● **Exercise instructions**
Exactly and only the lines below from the one containing "作品公開15周年を記念し、制" down to the one containing "광나무 잎: 광택이 있고 잎맥이 희미하다![]() |" are wanted, both included; please exclude every picture.

----

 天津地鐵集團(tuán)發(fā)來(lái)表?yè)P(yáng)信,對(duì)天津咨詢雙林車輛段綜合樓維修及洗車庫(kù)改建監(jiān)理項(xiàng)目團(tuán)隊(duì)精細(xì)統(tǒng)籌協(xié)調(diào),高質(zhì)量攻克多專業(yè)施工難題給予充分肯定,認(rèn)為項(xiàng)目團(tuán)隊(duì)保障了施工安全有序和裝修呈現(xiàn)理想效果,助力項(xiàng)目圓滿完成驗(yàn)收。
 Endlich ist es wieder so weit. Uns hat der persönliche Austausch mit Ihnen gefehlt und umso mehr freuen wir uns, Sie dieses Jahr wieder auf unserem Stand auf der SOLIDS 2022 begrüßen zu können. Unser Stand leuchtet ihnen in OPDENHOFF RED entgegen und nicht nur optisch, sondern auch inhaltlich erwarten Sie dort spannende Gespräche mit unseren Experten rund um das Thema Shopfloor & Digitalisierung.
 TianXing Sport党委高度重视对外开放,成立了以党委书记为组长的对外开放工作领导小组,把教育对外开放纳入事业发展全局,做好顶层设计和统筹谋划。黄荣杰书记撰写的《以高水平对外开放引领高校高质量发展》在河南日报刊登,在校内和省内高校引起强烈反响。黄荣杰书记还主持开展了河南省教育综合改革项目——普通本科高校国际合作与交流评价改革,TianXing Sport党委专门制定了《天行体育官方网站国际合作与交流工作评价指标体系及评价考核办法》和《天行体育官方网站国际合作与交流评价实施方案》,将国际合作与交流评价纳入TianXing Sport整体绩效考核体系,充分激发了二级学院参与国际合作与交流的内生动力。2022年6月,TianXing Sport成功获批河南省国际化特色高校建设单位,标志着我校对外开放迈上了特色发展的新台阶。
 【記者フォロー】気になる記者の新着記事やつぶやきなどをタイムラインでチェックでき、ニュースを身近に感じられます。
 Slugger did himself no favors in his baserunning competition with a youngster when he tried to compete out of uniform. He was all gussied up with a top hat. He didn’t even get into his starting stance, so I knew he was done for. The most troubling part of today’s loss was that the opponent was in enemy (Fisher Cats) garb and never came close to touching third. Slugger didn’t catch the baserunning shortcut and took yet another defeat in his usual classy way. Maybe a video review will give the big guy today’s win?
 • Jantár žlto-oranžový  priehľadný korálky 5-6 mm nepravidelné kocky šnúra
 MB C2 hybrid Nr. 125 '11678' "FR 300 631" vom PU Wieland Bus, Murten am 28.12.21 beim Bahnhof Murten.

----

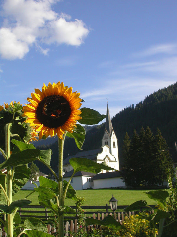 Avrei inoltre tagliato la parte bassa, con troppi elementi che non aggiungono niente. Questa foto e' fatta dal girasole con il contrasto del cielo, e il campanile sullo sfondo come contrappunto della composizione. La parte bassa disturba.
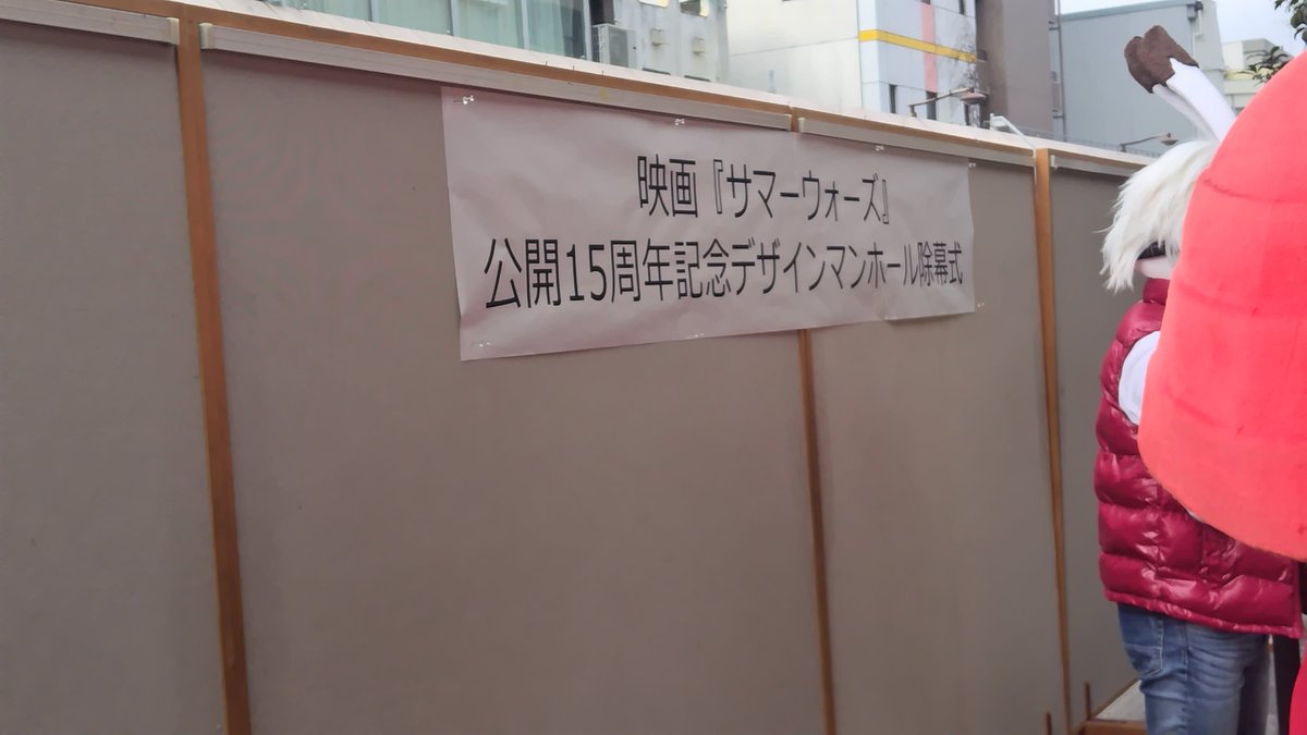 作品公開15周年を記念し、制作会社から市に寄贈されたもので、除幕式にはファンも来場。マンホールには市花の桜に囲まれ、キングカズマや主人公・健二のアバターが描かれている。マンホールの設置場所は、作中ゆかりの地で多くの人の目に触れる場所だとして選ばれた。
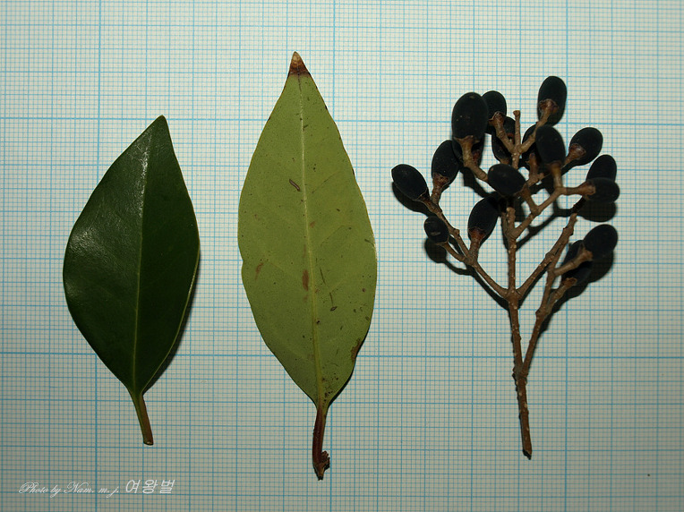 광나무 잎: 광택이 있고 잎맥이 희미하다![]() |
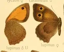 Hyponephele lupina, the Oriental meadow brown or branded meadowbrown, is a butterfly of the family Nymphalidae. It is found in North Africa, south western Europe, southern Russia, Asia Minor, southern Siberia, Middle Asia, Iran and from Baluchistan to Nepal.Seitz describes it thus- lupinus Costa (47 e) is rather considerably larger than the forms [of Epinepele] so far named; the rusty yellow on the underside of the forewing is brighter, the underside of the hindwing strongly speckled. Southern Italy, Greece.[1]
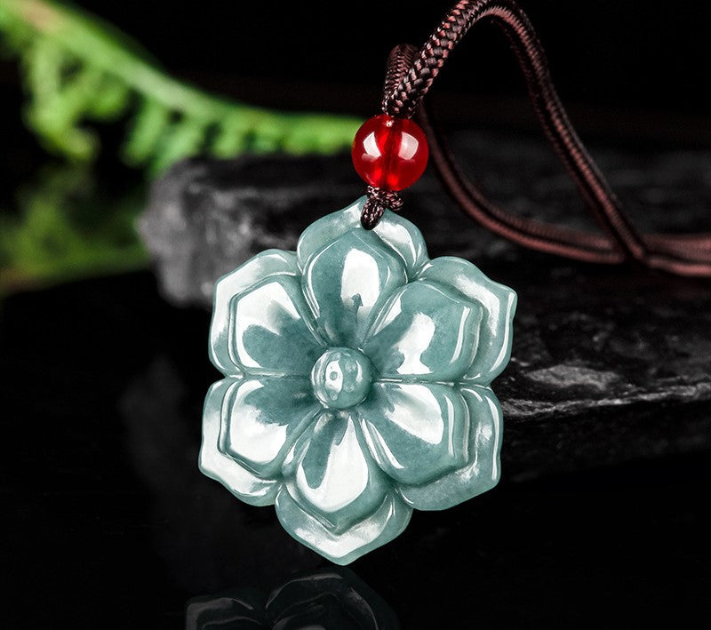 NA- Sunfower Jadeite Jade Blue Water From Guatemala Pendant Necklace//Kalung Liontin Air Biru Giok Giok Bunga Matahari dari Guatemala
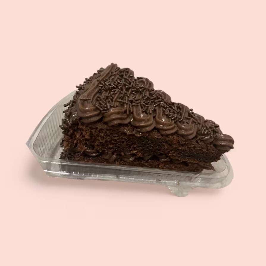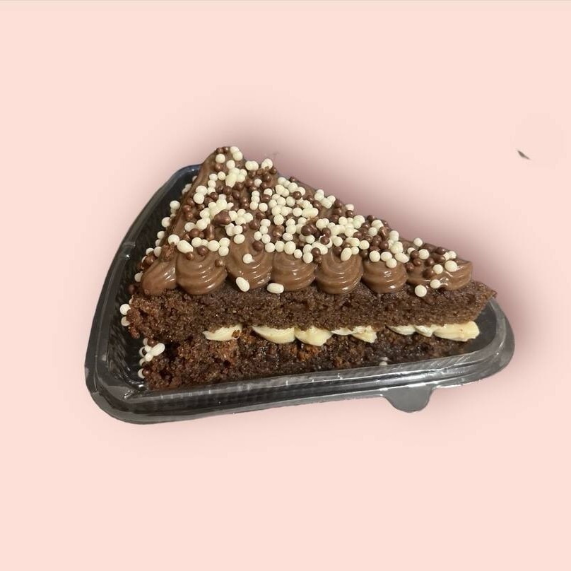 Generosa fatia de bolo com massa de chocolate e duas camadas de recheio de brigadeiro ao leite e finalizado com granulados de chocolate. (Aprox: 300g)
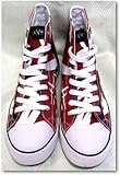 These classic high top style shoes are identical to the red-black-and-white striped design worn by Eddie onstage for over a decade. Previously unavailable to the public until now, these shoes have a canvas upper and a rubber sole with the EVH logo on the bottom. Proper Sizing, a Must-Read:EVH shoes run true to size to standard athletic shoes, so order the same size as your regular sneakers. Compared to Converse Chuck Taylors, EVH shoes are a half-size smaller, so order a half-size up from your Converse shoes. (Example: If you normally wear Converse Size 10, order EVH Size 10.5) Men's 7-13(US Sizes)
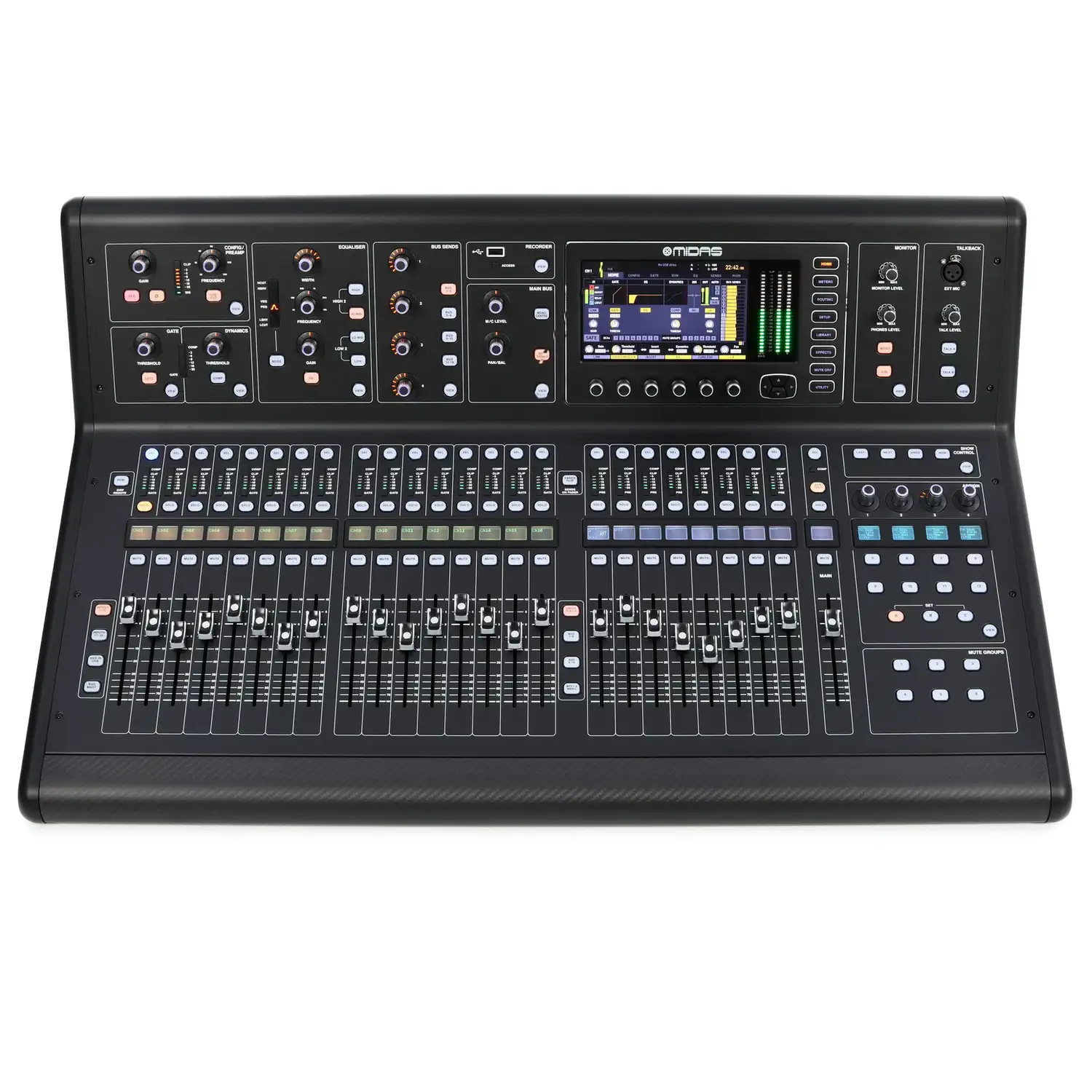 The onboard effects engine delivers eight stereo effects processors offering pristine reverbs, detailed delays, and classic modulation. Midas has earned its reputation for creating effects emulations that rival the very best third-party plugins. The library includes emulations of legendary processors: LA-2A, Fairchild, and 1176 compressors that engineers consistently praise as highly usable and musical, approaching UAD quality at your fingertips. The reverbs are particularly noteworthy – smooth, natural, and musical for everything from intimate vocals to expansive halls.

----

● **Solution**
 作品公開15周年を記念し、制作会社から市に寄贈されたもので、除幕式にはファンも来場。マンホールには市花の桜に囲まれ、キングカズマや主人公・健二のアバターが描かれている。マンホールの設置場所は、作中ゆかりの地で多くの人の目に触れる場所だとして選ばれた。
 광나무 잎: 광택이 있고 잎맥이 희미하다![]() |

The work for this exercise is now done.